# Autoencoders
## Inteligencia Computacional 2021-2, Grupo 8a
Nicolás Canales, Matías Vergara

Este notebook tiene por objetivo aplicar Autoencoders sobre las curvas de luz con características computadas y visualizar el código resultante en búsqueda de clusters.
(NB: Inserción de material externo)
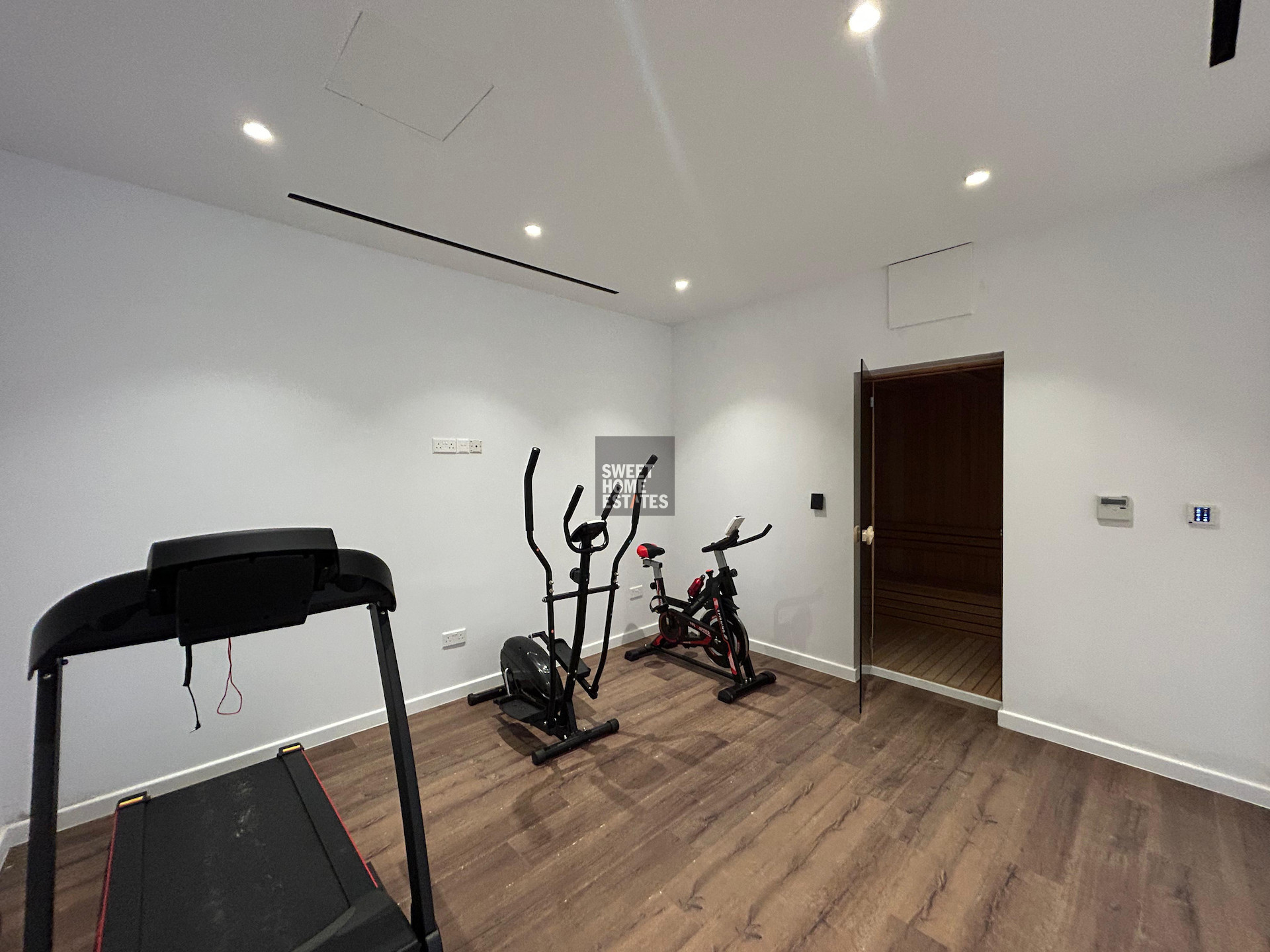 Inside, the villa has been thoughtfully designed to maximize light, space, and comfort. An open-plan living and dining area flows seamlessly to the terrace, while the modern Italian kitchen adds both style and functionality. The property also offers refined features such as a wine cellar, gym, sauna, private parking, central heating, and an elevator.
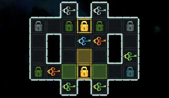 Nei livelli successivi, alcune tessere verranno evidenziate in un determinato colore. Ciò significa che solo le chiavi di quel colore possono passare attraverso quella tessera.
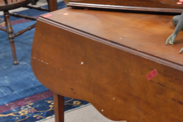 Antique drop leaf table, one drop leaf missing, circa 1790.
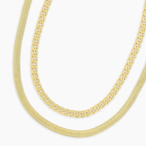 • Layered Gold Necklaces Set: The daity layered gold necklaces includes 2 chain necklace gold herringbone chain and cuban chain.These gold necklaces stack are versatile and looks great with both casual and formal wear,and you can wear either single or stacked to match different styles of clothing. This gleaming elegant layering gold necklaces for women will give you a stunning and delicate look and perfect for adding a touch of elegance to any outfit
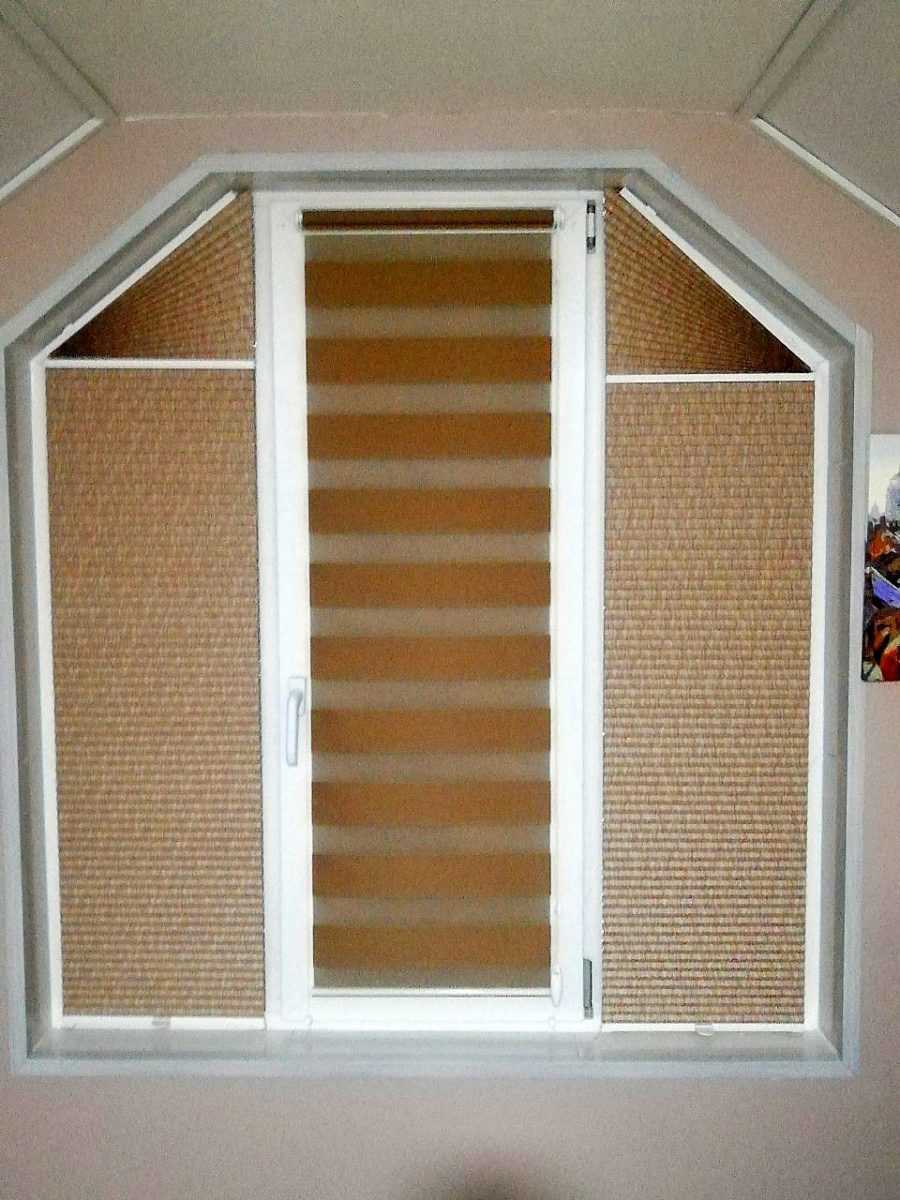 - Изделия «День-Ночь» (см. фото) оптимальны для нестандартных окон. Если их повесить на арочное окно, то они создадут «эффект веера».

Para ello se utilizará un cuello de botella bidimensional.


Recordemos que los objetos con los que estamos trabajando son aquellos de tipo periódico, clasificados por ALeRCE como: "LPV", "Periodic-Other", "RRL", "CEP", "E" o "DSCT". 

A lo largo del notebook se irá variando la arquitectura a usar, así como la cantidad de features de entrada y el tratamiento del desbalance de los datos. 

### Referencias:
Adnan Karol, Introduction to 2 dimensional LSTM autoencoder - https://medium.com/analytics-vidhya/introduction-to-2-dimensional-lstm-autoencoder-47c238fd827f

B. Zong et al. “Deep Autoencoding Gaussian Mixture Model for Unsupervised Anomaly Detection”. ICLR 2018 

Jason Brownlee, A Gentle Introduction to LSTM Autoencoders - https://machinelearningmastery.com/lstm-autoencoders/

### Librerías

In [None]:
import pandas as pd
import numpy as np

from tensorflow import keras
from tensorflow.python.keras.layers import Input, Dense,RepeatVector, TimeDistributed, Dense, Dropout, LSTM
from tensorflow.python.keras.models import Sequential
from tensorflow.keras.layers import Input, Add, Dense, Activation, ZeroPadding2D, BatchNormalization, Flatten, Conv2D, AveragePooling2D, MaxPooling2D, Dropout
from tensorflow.keras.models import Model, load_model
from tensorflow.keras.initializers import glorot_uniform
from tensorflow.keras.optimizers import SGD

import matplotlib.pyplot as plt
%matplotlib inline

import sklearn
from sklearn.preprocessing import StandardScaler, QuantileTransformer, RobustScaler
from sklearn.model_selection import train_test_split
from sklearn.cluster import KMeans

from tensorflow.keras.callbacks import EarlyStopping


from io import BytesIO
from PIL import Image
import base64
from bokeh.plotting import figure, show, output_notebook
from bokeh.models import HoverTool, ColumnDataSource, CategoricalColorMapper
from bokeh.palettes import Spectral10, Spectral6

output_notebook()
early_stopping = EarlyStopping(monitor='loss', patience=4, verbose=0,
    mode='auto', baseline=None, restore_best_weights=False)


### Traer la data

In [None]:
# !gdown --id 1HFEbip5SX591MCLi-S6DKw7LEx-CJFNt # data aumentada con las sinteticas originales
# !gdown --id 1WNhzNbJF44Z2upm1XEwZE_gAWM3M2s9A # data aumentada con las sinteticas nuevas
!gdown --id 1qY3HYGq7rH5ZzwM_vgshAK9lHQIzXsTf # data aumentada con las sinteticas nuevas x 10
# !gdown --id 1XCl8BiVOP7aheBYjOHIAM378s_34-8kl #reduced_data, misma data pero subsampleando las clases
                                              #sobrerepresentadas        

Downloading...
From: https://drive.google.com/uc?id=1qY3HYGq7rH5ZzwM_vgshAK9lHQIzXsTf
To: /content/augmented_features (2).csv
100% 169M/169M [00:00<00:00, 169MB/s]


In [None]:
data = pd.read_csv("augmented_features.csv", index_col=0)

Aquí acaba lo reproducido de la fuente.